In our cars, you’re free to be yourself. It’s the same here at Cruise. We’re creating a culture that values the experiences and contributions of all of the unique individuals who collectively make up Cruise, so that every employee can do thei
chain = create_extraction_chain(llm, salary_range)
output = chain.predict_and_parse(text=text)["data"]

printOutput(output)
{
   "salary_range": [
      {
         "high_end": "165000",
         "low_end": "112300"
      }
   ]
}

The salary range for this position is $112,300 - 165,000. Compensation will vary depending on location, job-related knowledge, skills, and experience. You may also be offered a bonus, restricted stock units, and benefits. These ranges are subject to change.

Awesome!

OpenAI GPT4 Pricing

with get_openai_callback() as cb:
    result = chain.predict_and_parse(text=text)
    print(f"Total Tokens: {cb.total_tokens}")
    print(f"Prompt Tokens: {cb.prompt_tokens}")
    print(f"Completion Tokens: {cb.completion_tokens}")
    print(f"Successful Requests: {cb.successful_requests}")
    print(f"Total Cost (USD): ${cb.total_cost}")
Total Tokens: 1768
Prompt Tokens: 1757
Completion Tokens: 11
Successful Requests: 1
Total Cost (USD): $0.053369999999999994

Suggested To Do if you want to build this out:

  • Reduce amount of HTML and low-signal text that gets put into the prompt

  • Gather list of 1000s of companies

  • Run through most jobs (You’ll likely start to see duplicate information after the first 10-15 jobs per department)

  • Store results

  • Snapshot daily as you look for new jobs

  • Follow Greg on Twitter for more tools or if you want to chat about this project

  • Read the user feedback below for what else to build out with this project (I reached out to everyone who signed up on twitter)
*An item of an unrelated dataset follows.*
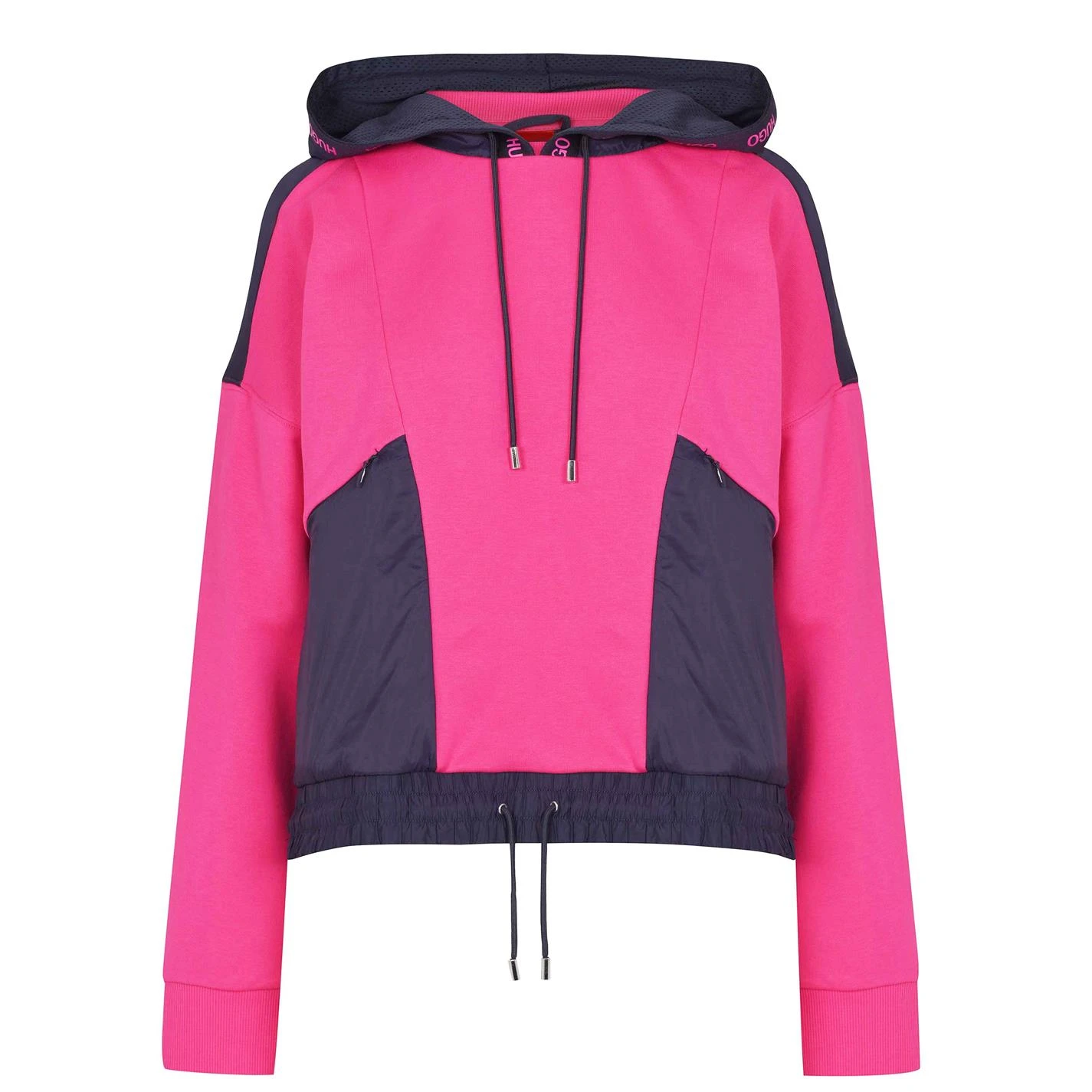Refresh your collection with this Hugo Tape Crop OTH Hoodie. Constructed in an over the head style with long sleeves and elasticated trims for comfort, it features a hooded neckline and bottom hem with drawstring adjustment for a versatile look. This hoodie is a colour block design with a signature logo and is complete with Hugo branding.

Business idea: Job Data As A Service#

Start a data service that collects information about company’s jobs. This can be sold to investors looking for an edge.

After posting this tweet there were 80 people that signed up for the trial. I emailed all of them and most were job seekers looking for companies that used the tech they specialized in.

The more interesting use case were sales teams + investors.

Interesting User Feedback (Persona: Investor):#

Hey Gregory, thanks for reaching out.

I always thought that job posts were a gold mine of information, and often suggest identifying targets based on these (go look at relevant job posts for companies that might want to work with you). Secondly, I also automatically ping BuiltWith from our CRM and send that to OpenAI and have a summarized tech stack created - so I see the benefit of having this as an investor.

For me personally, I like to get as much data as possible about a company. Would love to see job post cadence, type of jobs they post and when, notable keywords/phrases used, tech stack (which you have), and any other information we can glean from the job posts (sometimes they have the title of who you’ll report to, etc.).

For sales people, I think finer searches, maybe even in natural language if possible - such as “search for companies who posted a data science related job for the first time” - would be powerful.

If you do this, let me know! I’d love to hear how it goes.